= Problem to solve =
Your output should be exactly the lines from the one containing "Hylan Boulevard runs" through the final line of the following data, please, with no pictures.

= Information shown =
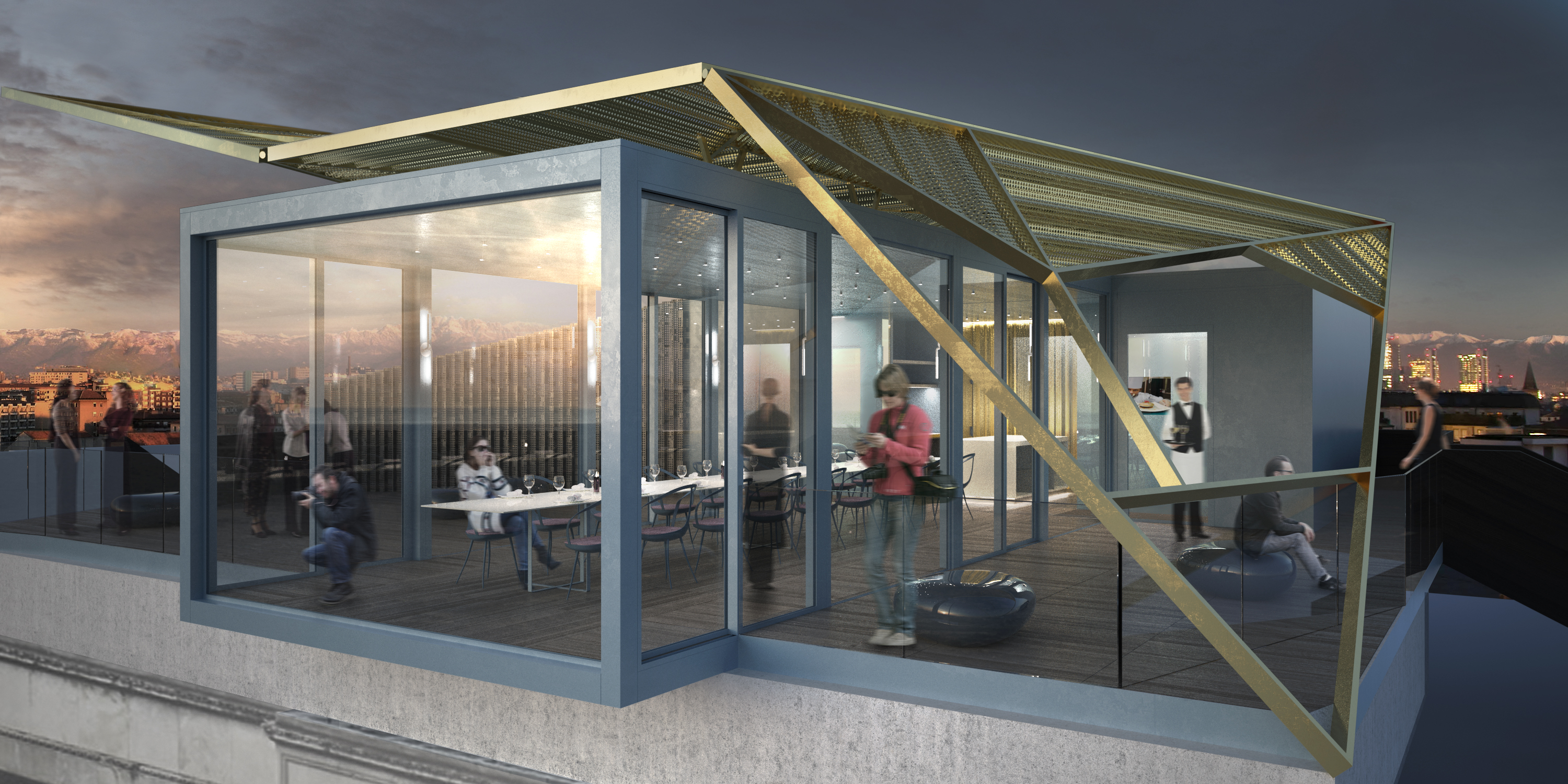 L’architettura, progettata dallo studio Park Associati, contribuirà ad offrire un’esperienza d’eccezione, scenografica come quella di un teatro: pareti scorrevoli si muoveranno per isolare la zona cucina dalla zona pranzo, dal soffitto scenderà il tavolo già apparecchiato sorprendendo gli ospiti all’ ingresso, o al contrario il tavolo potrà alzarsi fino al soffitto per liberare spazio per momenti speciali. Anche il design è stato studiato all’insegna della sostenibilità, con ampie vetrate, una spettacolare terrazza panoramica e strutture in materiali riciclabili “made in Italy”. Il ristorante è una vera e propria installazione, capace di inserirsi nel contesto urbano in modo discreto e spettacolare al tempo stesso, con le sue forme leggere e trasparenti.
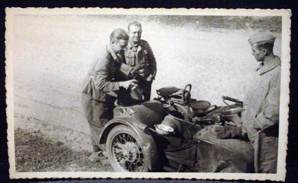 WW2 NAZI GERMAN ARCHIVES PHOTO OF SOLDIERS NEXT TO A MOTORCYCLE W/ A SIDECAR - This photo was confiscated from Germany by Russia at the end of WW2. Russia only recently started releasing these photos from their war archives. Russian markings on the back.
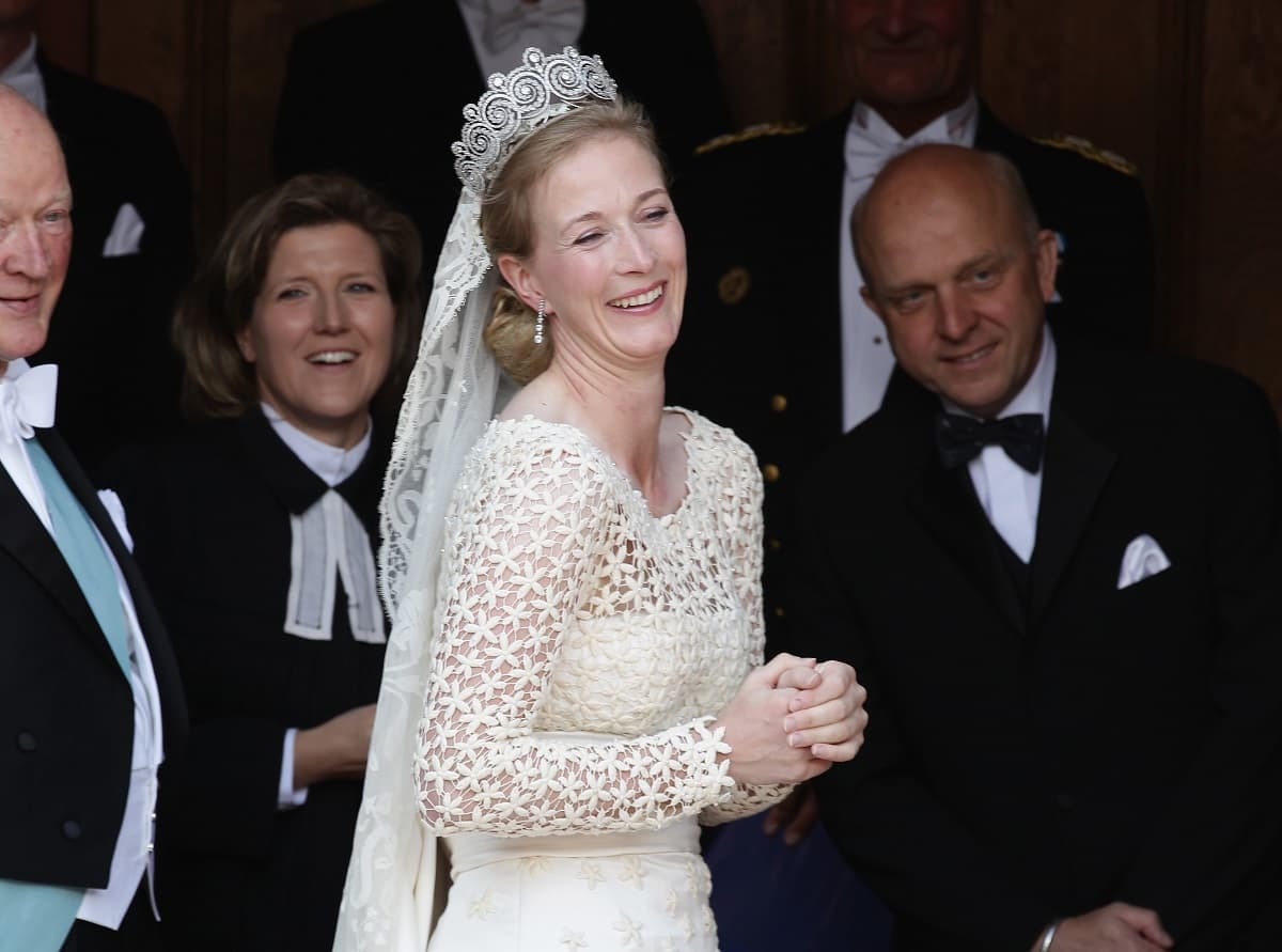 A la princesa Nathalie zu Sayn-Wittgenstein-Berleburg, de Dinamarca, se le olvidó su ramo y tuvo que esperar unos 10 minutos antes de caminar por el altar para que llegara. En esta foto se le ve esperando, pero no se ve muy estresada.
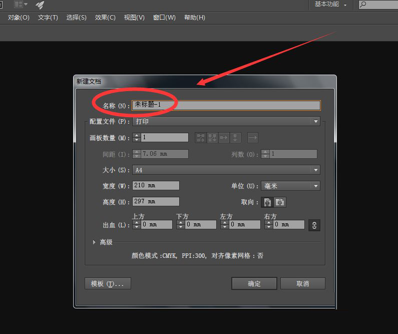 名称:即新建文档的文件名称,在新建是可填写可不填写,一般保存文件的时候填写文档名称;
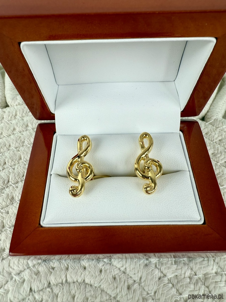 SPINKI DO MANKIETÓW klucz wiolinowy złoty muzyka prezent
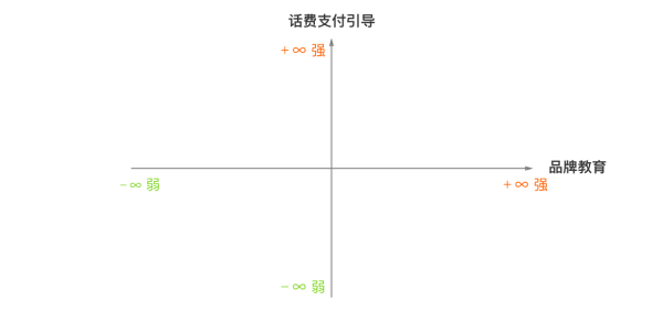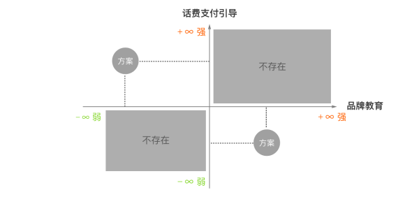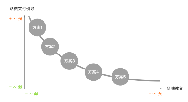 聰明的你一定會(huì)發(fā)現(xiàn),既然“話(huà)費(fèi)支付引導(dǎo)”與“品牌教育”是相反的變量,那么完全可以將二維矩陣圖變形,變成反比例函數(shù)圖像。
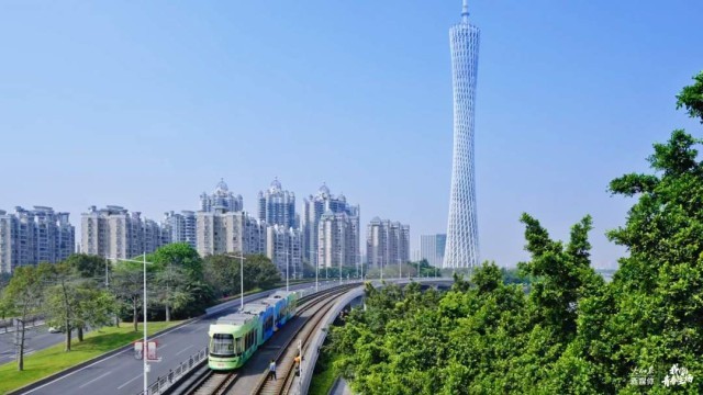 駛過春意盎然的珠江江畔
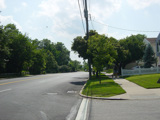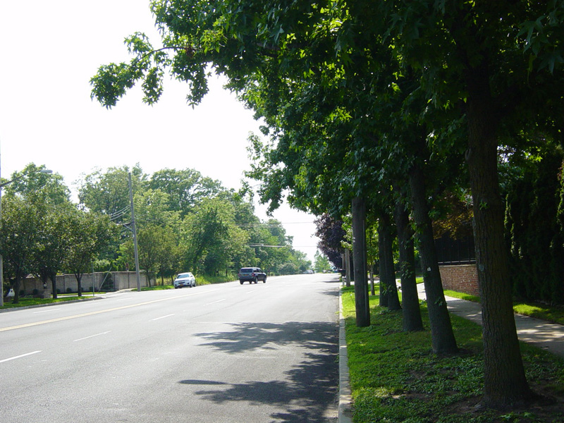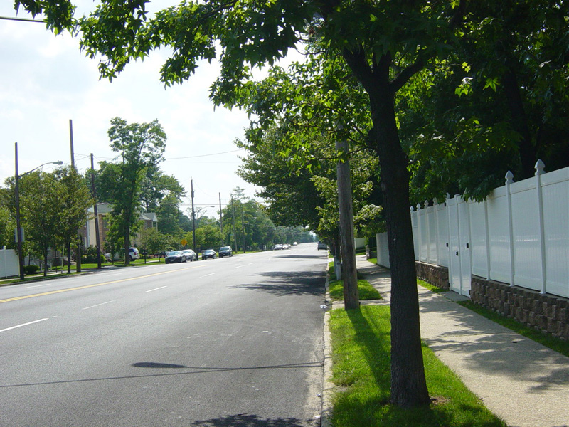 Hylan Boulevard runs west through Tottenville as a four-lane undivided road.
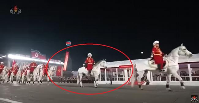 據韓媒News1指,圖內紅圈中的白馬為金正恩女兒金朱愛擁有的白馬,2月8日現身在朝鮮人民軍建軍75周年閱兵儀式(影片截圖)
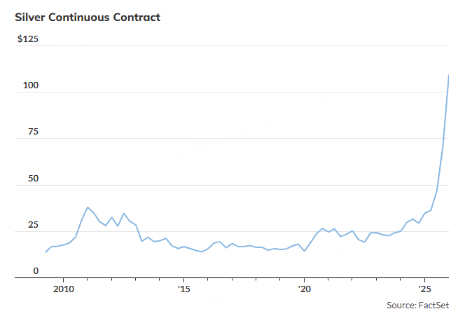 白銀期貨週一大漲14%,創下自1985年3月19日以來的最佳單日表現;自2025年1月1日以來累計漲幅已達230%。

= Your solution =
 Hylan Boulevard runs west through Tottenville as a four-lane undivided road.
 據韓媒News1指,圖內紅圈中的白馬為金正恩女兒金朱愛擁有的白馬,2月8日現身在朝鮮人民軍建軍75周年閱兵儀式(影片截圖)
 白銀期貨週一大漲14%,創下自1985年3月19日以來的最佳單日表現;自2025年1月1日以來累計漲幅已達230%。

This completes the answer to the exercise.